809: Can the buffer byte array be sized based on linemax? The field declaration should be with the other fields at the top of the file. 848: checkNewline compares == with linemax; that works when each byte is counted separately It seems like it would safer if it was ">=". 957: can sbBuf be shared with lbuf? More on the input buffering question below.
jmh.src: http://cr.openjdk.java.net/~sherman/8164278/Base64BM.java jmh.result: http://cr.openjdk.java.net/~sherman/8164278/base64.bm
Base64.Decoder.decode0: Adopted the "similar" optimization approach we took in Base64.Encoder.encode0() to add a "fast path" to decode a block of 4-byte units together (current implementation decodes one single byte per while/loop. The jmh benchmark result indicates a big speed boost (those decodeArray/Mime/Url results, from 30% to 2 times faster, depends on input size).
:)
Base64.Encoder.encode0() It appears encode0() was fully optimized in 1.8. Can't get it faster :-) Tried to use Unsafe.getLong/putLong instead of byte by byte access. But it appears the 8-byte "vectorization" does not bring us enough speed up, the performance is the same as the current one. See encode00() at http://cr.openjdk.java.net/~sherman/8164278/webrev.00
Base64.Encoder.wrap(OutputStream)/EncOutputStream.write(): If my memory serves me right, the current implementation was under the assumption that the underlying output stream probably is buffered (if invoker cares). It would be a redundant if EncOutputStream buffers bytes again. It appears this is a wrong assumption. It is much slower to write 4 bytes separately, compared to bundle them together in a byte[4] and write into underlying, even the underlying output stream is a ByteArrayOutputStream. Again, the proposed change is to add a fast path loop, as we do in encode0(), to decode/ write a block of 3-byte->4-byte unites. It appears this fast loop can help the compiler to optimize away some boundary checks, therefor is much faster. The jmh result Base64BM.encodeOS suggests the new implementation is almost 4 times faster and is almost the same as java.mail's stream encoder.

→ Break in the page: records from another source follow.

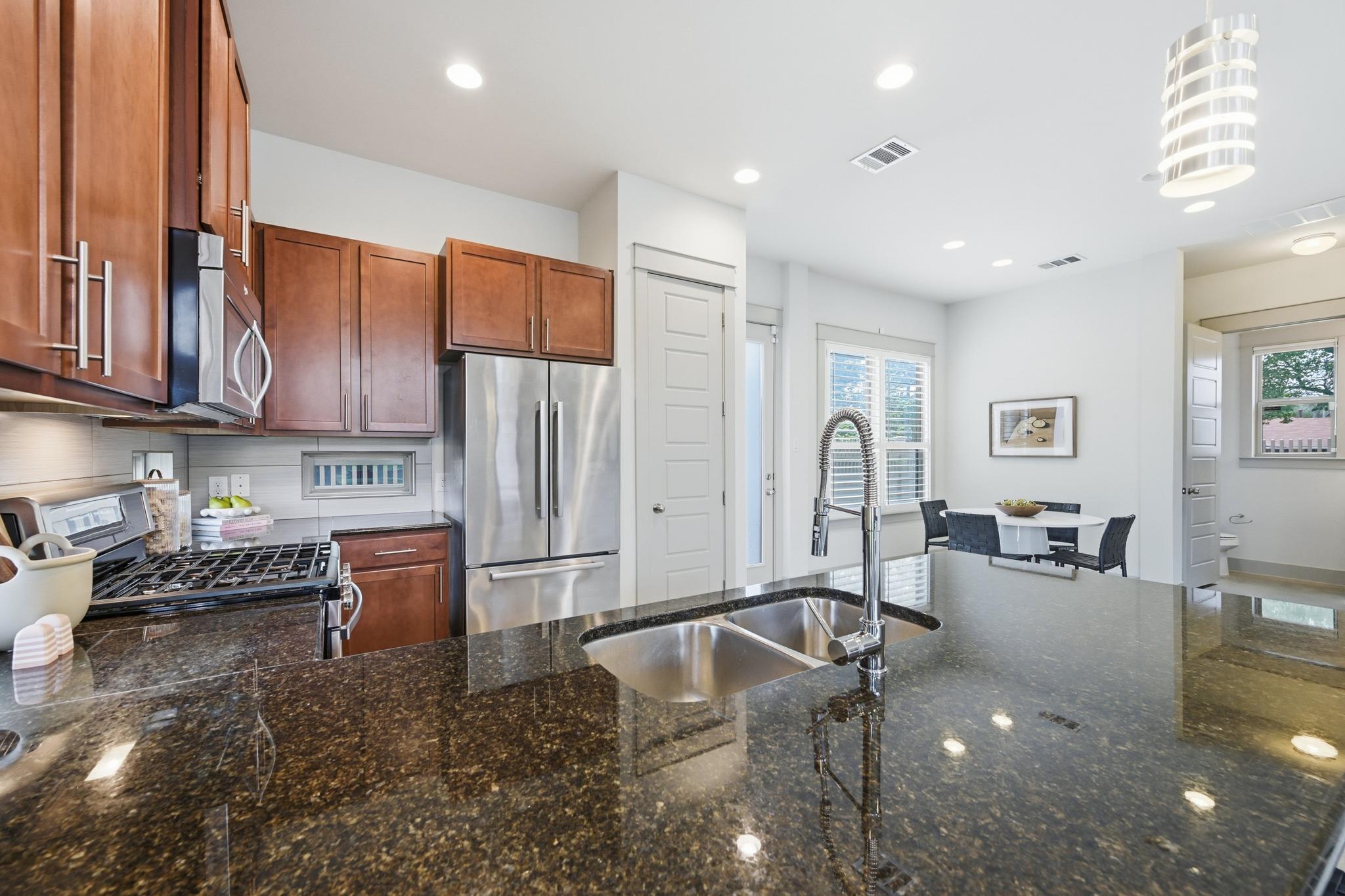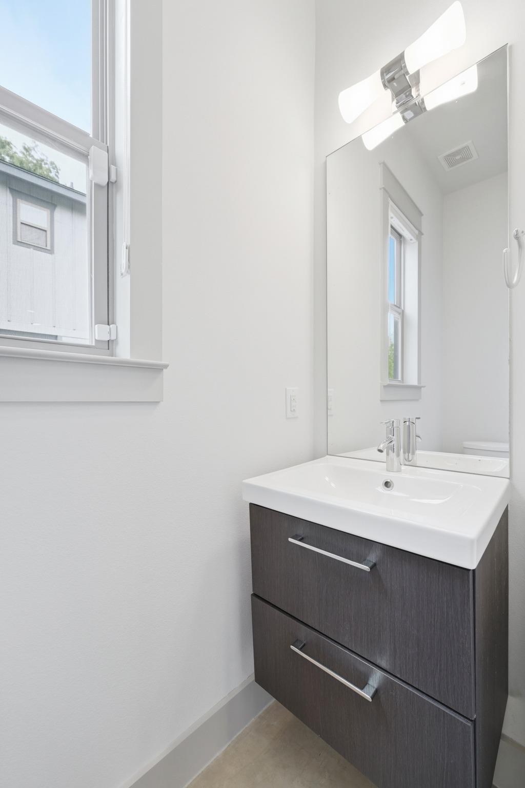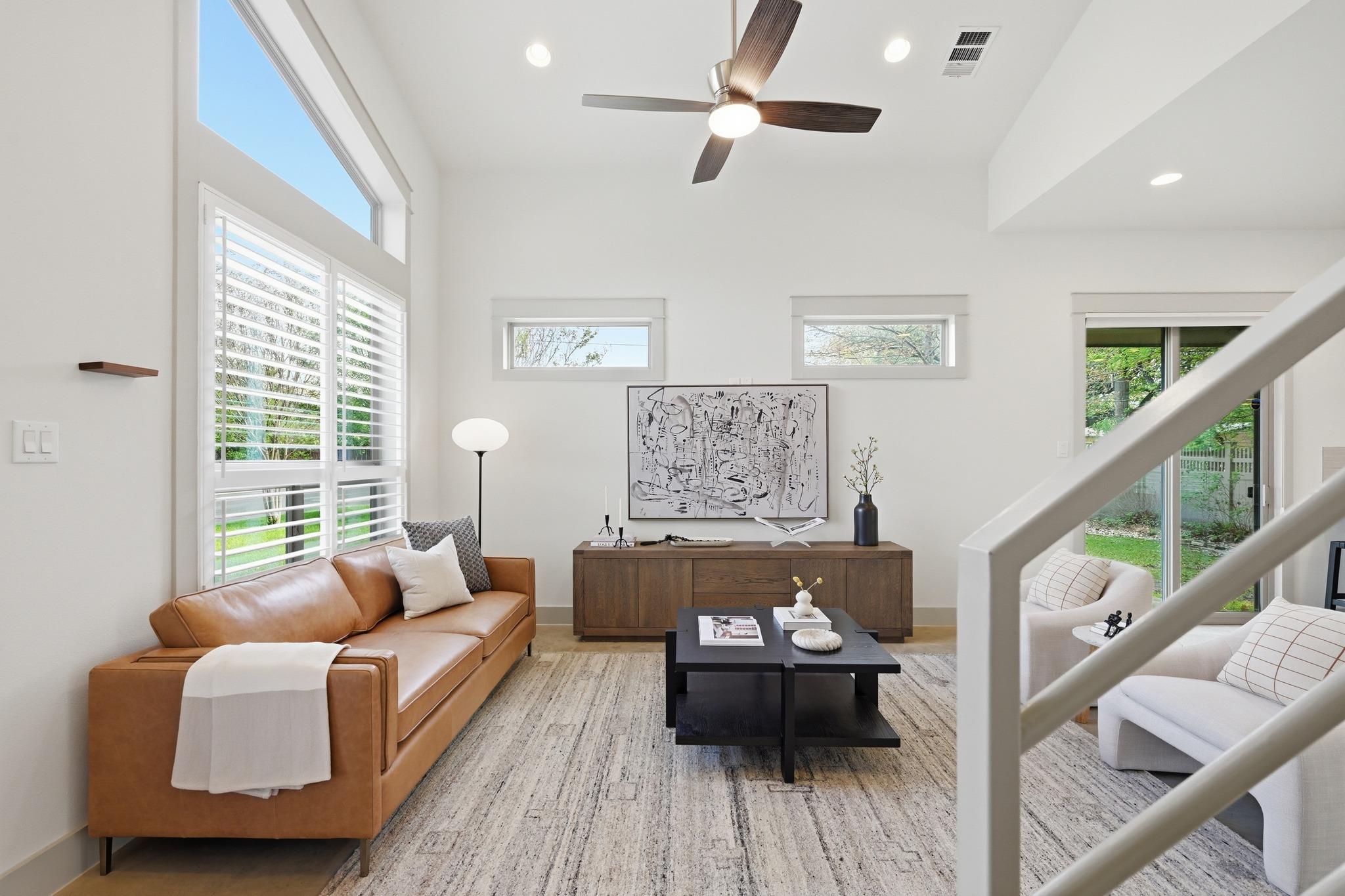 Set on a corner lot in the heart of Crestview, 1917 W Saint Johns #A is a confident expression of modern Austin living, where clean architectural lines meet a warm, highly livable design. This newer construction home offers an open floor plan featuring soaring ceilings, and an abundance of thoughtfully placed windows that fill the home with natural light throughout the day. The kitchen strikes a smart balance between form and function, featuring granite countertops, a tiled backsplash, stainless steel appliances, gas cooking, a generous pantry, and a breakfast bar that keeps the space social and connected. Plantation shutters add texture and refinement. The primary bedroom is a true retreat, complete with an en-suite bathroom and a large walk-in closet, offering both privacy and everyday ease. Outdoors, a private and spacious backyard is paired with low-maintenance, low-water landscaping and a full sprinkler system, creating a setting that's easy to enjoy and easy to maintain. What truly elevates this address is its place within Crestview's daily rhythm. This is a neighborhood defined by walkability and long-standing local institutions rather than trends. Lunch is an easy stroll or short drive to Little Deli & Pizzeria, a Crestview staple known for its unfussy excellence and loyal following. Evenings slow down just as naturally at Violet Crown Wine & Coffee Bar. It's an easy stroll to the Michelin-starred Barley Swine, Bufalina Due and Foxtail for elevated cocktails. Black Pearl Books offers a quietly wonderful place to browse, linger, and leave with something unexpected. For green space, Brentwood Park sits just to the south, providing shaded lawns, walking paths, open fields, and a playground that feels woven into everyday life rather than set apart from it. From this address, you're just minutes to The Domain and roughly fifteen minutes to Downtown Austin, yet firmly rooted in a neighborhood that values consistency, character, and a life well lived close to home.
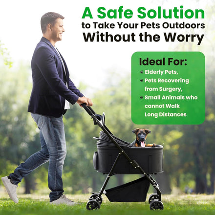 3-in-1 Pet Stroller 3-in-1 Pet Stroller: Comfort, Style & Functionality Give your furry friend the luxury they deserve with our 3-in-1 Pet Stroller – the ultimate combination of functionality, comfort, and style. Whether you're heading out for a stroll, a car ride, or simply need a cozy carrier for vet visits, this stroller covers it all. Versatile & Easy to Use Designed for pets up to 66 lbs , it easily converts between stroller, car seat, and carrier with no tools required. Breathable & Secure The breathable mesh canopy offers visibility and airflow, keeping your pet cool and secure on every journey. Lightweight & Durable Built with a sturdy yet lightweight aluminum frame, it folds flat for easy storage and travel. Safe & Smooth Maneuvering Enjoy smooth and safe rides with 360° front swivel wheels and a rear brake system for added control. Convenient for You & Your Pet Comes with a cup holder and undercarriage basket to carry treats, leashes, or your own essentials—everything you need on the go. Perfect for Any Lifestyle Whether you're a city dweller or a weekend adventurer, this pet stroller ensures every trip is safe, convenient, and comfortable—for both you and your beloved pet. Make Every Walk a Joyful Journey Let your pet ride in comfort and turn every walk into a joyful experience with our premium 3-in-1 Pet Stroller.
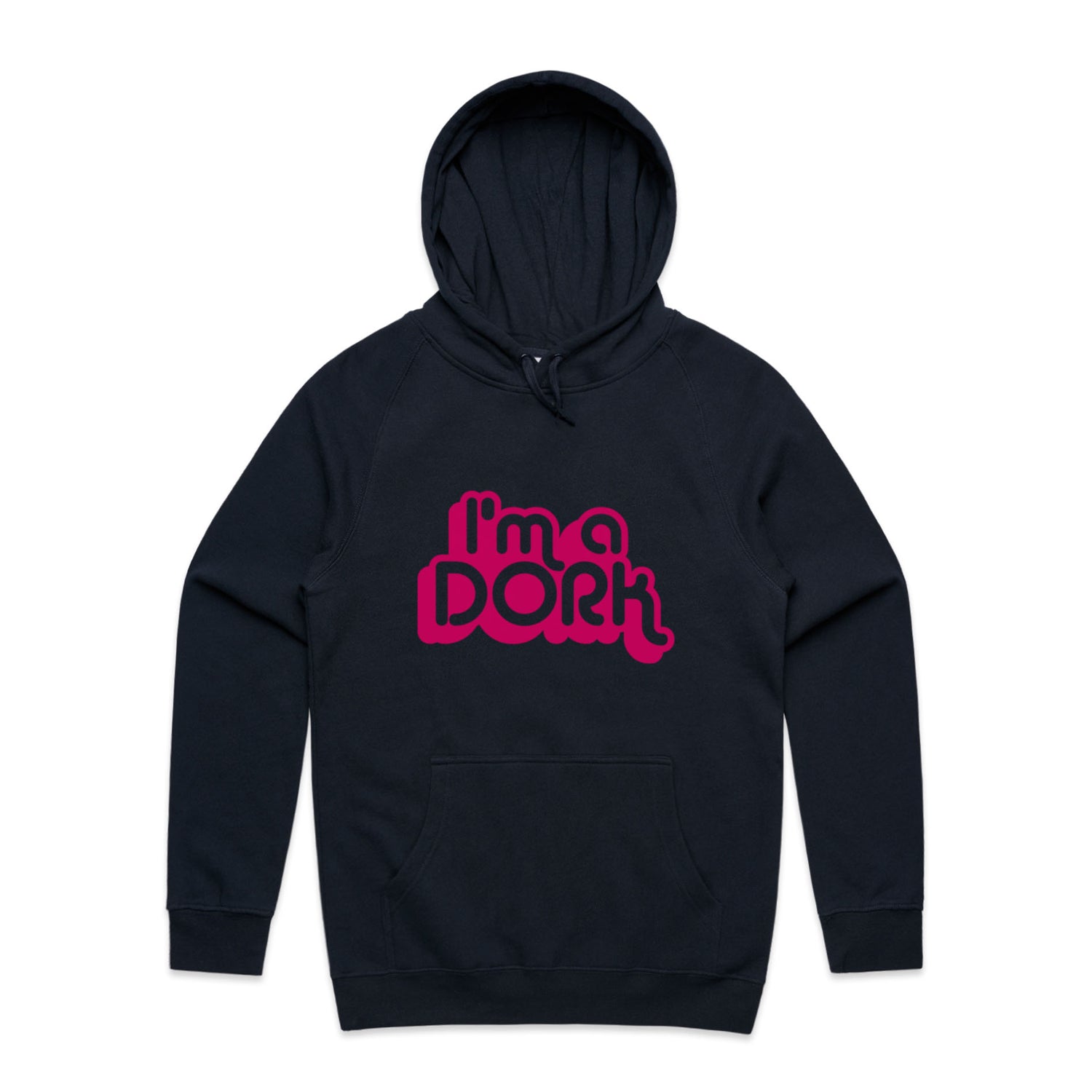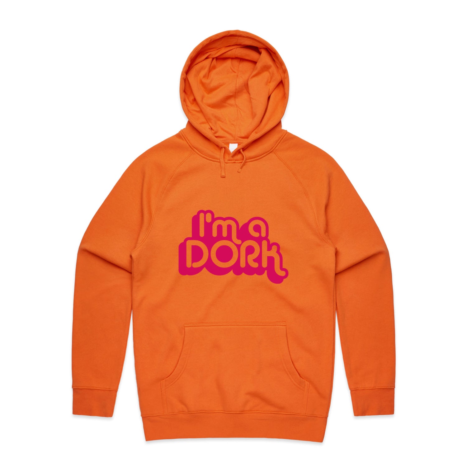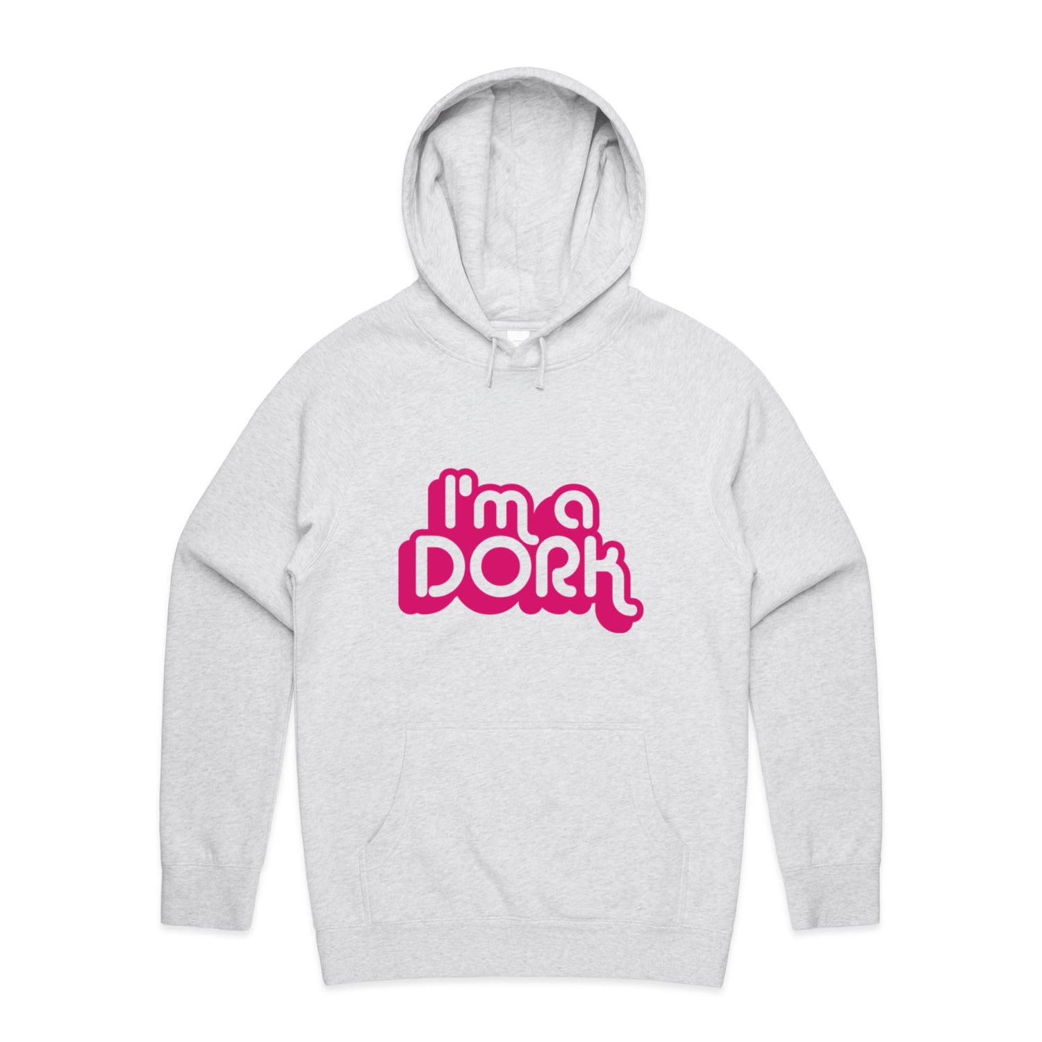 The Hoodies I'm a Dork – Men's Hooded Sweatshirt is a high-quality men's hooded sweatshirt, printed with pink ink on the trusted AS Colour Supply Hood 5101. With a regular fit and mid-weight feel, it's crafted from a premium blend of 80% cotton and 20% polyester anti-pill fleece, making it a durable and comfortable staple for any wardrobe. The pullover design features raglan sleeves, a lined hood with tonal drawcord, ribbed sleeve cuffs, and a roomy kangaroo pocket — all designed to keep you warm while looking effortlessly sharp.
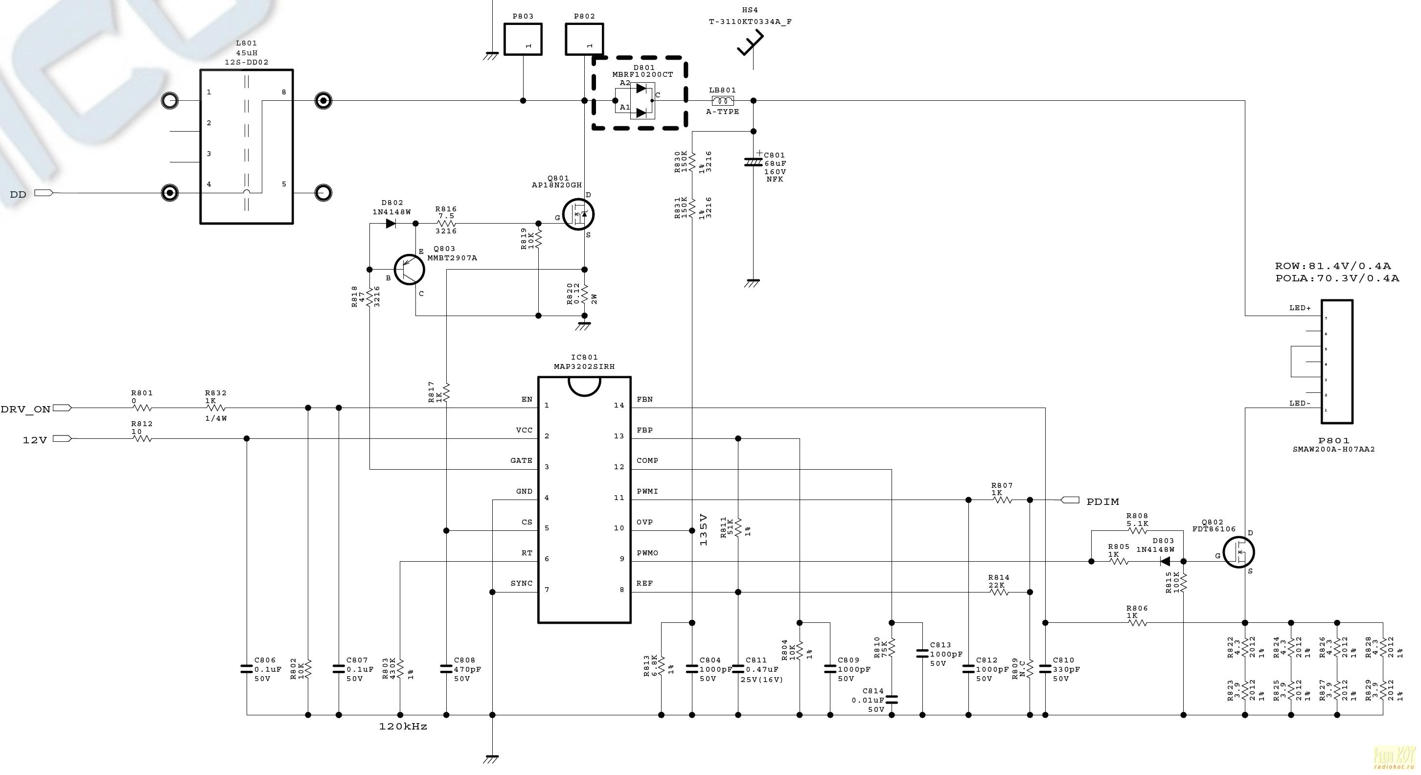 Для этой цели была разработана небольшая схема, преобразующая ШИМ-сигнал управления подсветкой в шунтирующее резистор R804 сопротивление. При этом ни при каких обстоятельствах напряжение на входе FBP микросхемы MAP3202 не должно превышать заданного делителем R811, R814 напряжения 0,81967В, дабы не повредить светодиоды подсветки повышенным током.
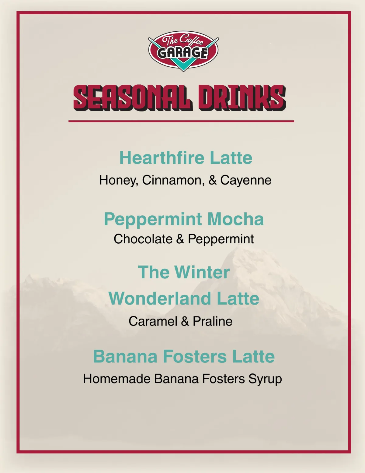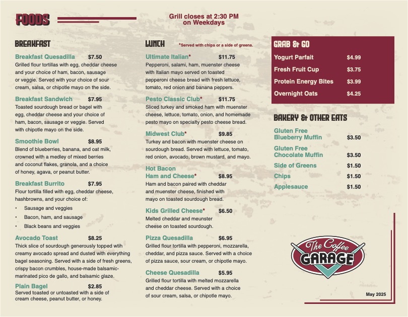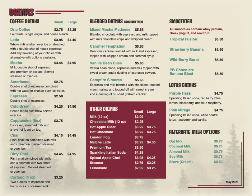 Offering a full menu for coffee drinks, treats, breakfast and lunch too! You can click the button below to view our full menu:
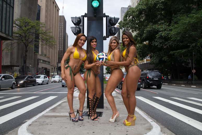 Quatro belas mulheres caminharam de biquíni pela Avenida Paulista nesta terça-feira. Elas são candidatas do concurso "Gata da Copa", e quem ganhar estrelará a capa de junho da revista Sexy
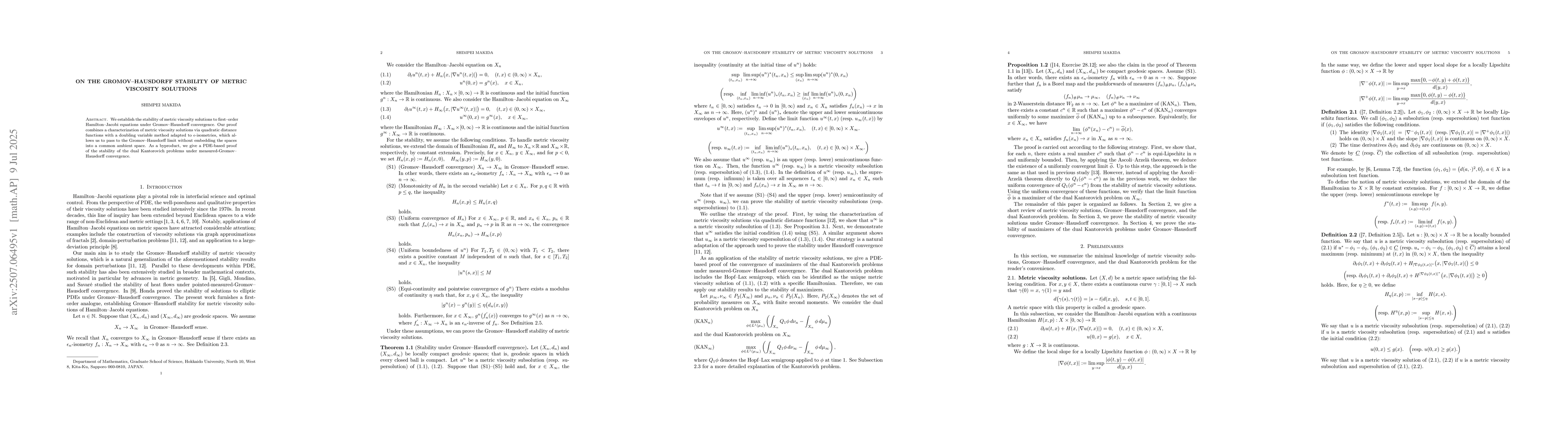 We establish the stability of metric viscosity solutions to first-order Hamilton--Jacobi equations under Gromov--Hausdorff convergence. Our proof combines a characterization of metric viscosity solutions via quadratic distance functions with a doubling variable method adapted to epsilon-isometries, which allows us to pass to the Gromov--Hausdorff limit without embedding the spaces into a common ambient space. As a byproduct, we give a PDE-based proof of the stability of the dual Kantorovich problems under measured-Gromov--Hausdorff convergence.

Base64.Decoder.wrap(InputStream)/DecInputStream.read(): Same as the approach we take for decode0(), to add a fast path decode block of 4-byte unites together. The jmh result Base64BM.decodeOS (the name probably should be decodeIS, for InputStream, but anyway...) shows the proposed one is 4 times faster than the existing impl and double the java.mail (Base64BM.decodeOS_javamail) implementation.
However, there is a side-effect of adding a buffering mechanism into DecInputStream. The current implementation read bytes from the underlying stream one by one, it never reads more bytes than it needs, which means it should/is supposed to just stop at the last byte that it needs to decode, when there is "=" present in the stream. With buffering, it's possible more bytes (after "=", which indicates "end of base64 stream") might be read/consumed in and buffered. A concern? if this is indeed a concern, the only alternative might be to add a separate method to support this "faster-buffered-decoder"?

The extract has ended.